Mero implemento de ambiciosos, quando não positivamente de ladrões, o liberalismo acaba por despertar as iras do povo, quando o caso se não dê de no povo, por decadente, já não haver a possibilidade sã da ira legítima.

O caso é pois, que, sendo assim anti-egoísta, o liberalismo é radicalmente anti-popular. Para se ser “liberal” é preciso ser-se inimigo do povo, não ter contacto nenhum com a alma popular, nem a noção das noções instintivas que lhe são naturais e queridas. Teoria, de resto, originada por emissários da aristocracia inglesa, no seu conflito com a velha monarquia; espalhada, depois, por homens de letras franceses, mais como arma contra a Igreja que contra o Ancien Regime, o liberalismo ainda hoje se conserva fiel à sua origem extra-popular.

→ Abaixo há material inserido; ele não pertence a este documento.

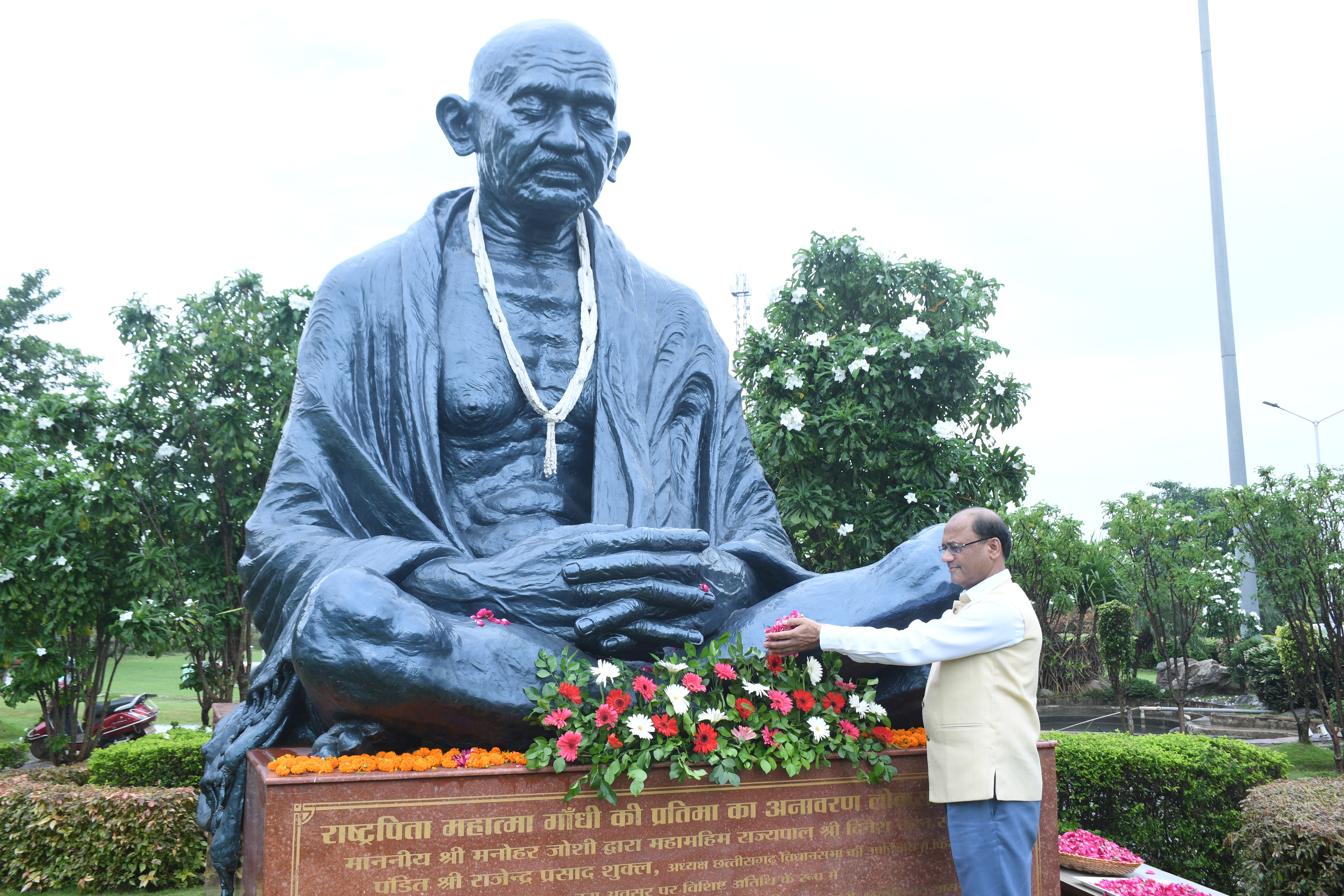 - राष्ट्रपिता महात्मा गांधी एवं पूर्व प्रधानमंत्री श्री लाल बहादुर शास्त्री जी की जयंती के अवसर पर आज विधान सभा परिसर स्थित “गांधी प्रतिमा” के समक्ष एवं विधान सभा स्थित सेंट्रल हाल में गाँधी जी के तैल चित्र पर विधान सभा के प्रमुख सचिव श्री चन्द्रशेखर गंगराड़े एवं सचिवालय के वरिष्ठ अधिकारियों ने राष्ट्रपिता महात्मा गांधी एवं पूर्व प्रधान मंत्री श्री लाल बहादुर शास्त्री के चित्रों पर माल्यार्पण कर उन्हें श्रद्धासुमन अर्पित किये। इस अवसर पर “प्रार्थना सभा” का भी आयोजन किया गया। प्रार्थना सभा में सचिवालय के कर्मचारियों द्वारा महात्मा गांधी के प्रसिद्ध भजन “वैष्णव जन तो तेने कहिए” एवं “रघुपति राघव राजा राम” का गायन किया गया। इस अवसर पर सचिवालय के अधिकारी एवं कर्मचारी भी उपस्थित थे। |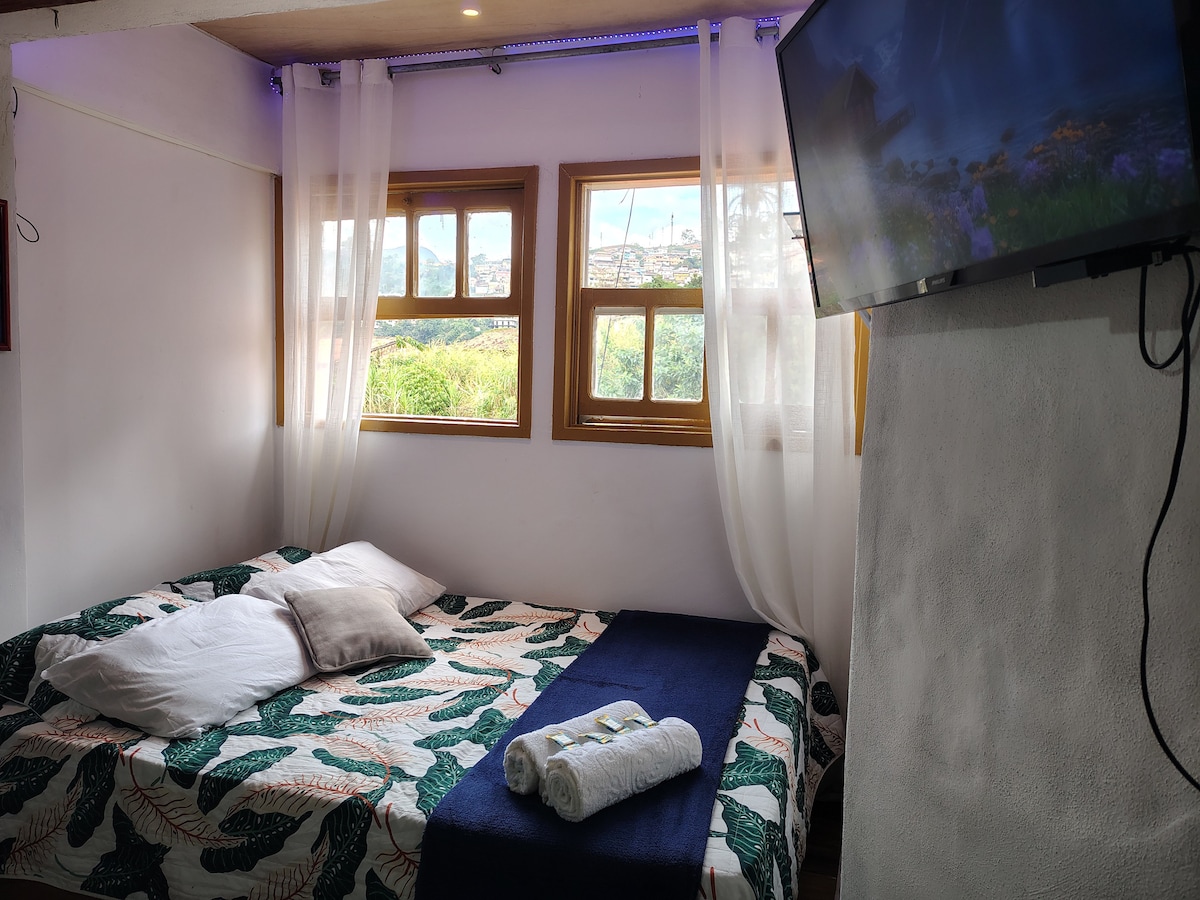 這是一棟擁有百年歷史的房屋,建於金礦開採時期,經過修復,並以鄉村風格進行裝修,配有家電、餐具和廚房用具、床單和浴巾、WiFi網絡、停車位,距離歷史中心(蒂拉登特斯廣場)約1200米,可俯瞰奧魯普雷圖及其周圍山脈的全景。可容納 6 人。可容納更多房客,但需事先諮詢。

Hoje, porém, são os transviados do povo quem teoriza — os infelizes que saíram do povo e, perdido o contacto em ele e com os seus instintos naturais, não subiram, porém, a nenhuma das aristocracias que o esforço pode conquistar, eternos intermédios da vida social, sem cultura verdadeira, sem posição conquistada, sem valor interna ou externamente definido. Escravos de todas as invejas e de todas as falências, o seu subconsciente indisciplinado espontaneamente os leva a colaborar em quanto seja obra de dissolução social, traidores naturais a tudo, excepto à sua própria incompetência para tudo. Tão triste e débil época é a nossa que as próprias teorias falsas desceram de categoria nas pessoas dos seus sequazes.

Feito, assim, por quem ou não é povo, ou já não sabe sentir como povo, que admira que este sistema venha eivado de todos os vícios anti-instintivistas, de todas as raivas anti-naturais?

Ainda se o liberalismo compensasse o ser anti-egoístico com o ser, de qualquer forma, um aspecto do sentimento patriótico; se, por exemplo, a teoria liberal tivesse por base o ser aplicada só a uma determinada nação — a dos seus teóricos — com o fim, absurdo mas explicável, de dar a essa nação a superioridade, pelo “gozo da liberdade”, sobre todas as outras, até certo ponto, talvez o liberalismo equilibraria o mal que lhe advém da outra parte da sua tese.

Mas se há traço característico do liberalismo é o de ser extensivo a toda a humanidade, de ser uma panaceia universal. E, assim, nem esta defesa absurda que fosse, lhe resta.

O assunto comportaria, a não ter que limitar-se, uma série muito mais extensa de considerações, entre as quais a menos interessante não seria, por certo, a demonstração de que um povo são é espontaneamente aristocratista ou monárquico; de que nunca um povo foi liberal ou democrático; de que nunca um povo defendeu, de seu, senão os seus egoísmos, indivíduo a indivíduo, a sua pátria, colectivamente; que nunca, nunca, excepto por doença da sociedade, ou perversão da decadência, os seus “direitos” as suas “justiças” foram assunto por que um homem do povo desse esforço de se levantar de um banco ou de tirar as mãos das algibeiras

→ Fernando Pessoa, Do Sufrágio Político e da Opinião Pública.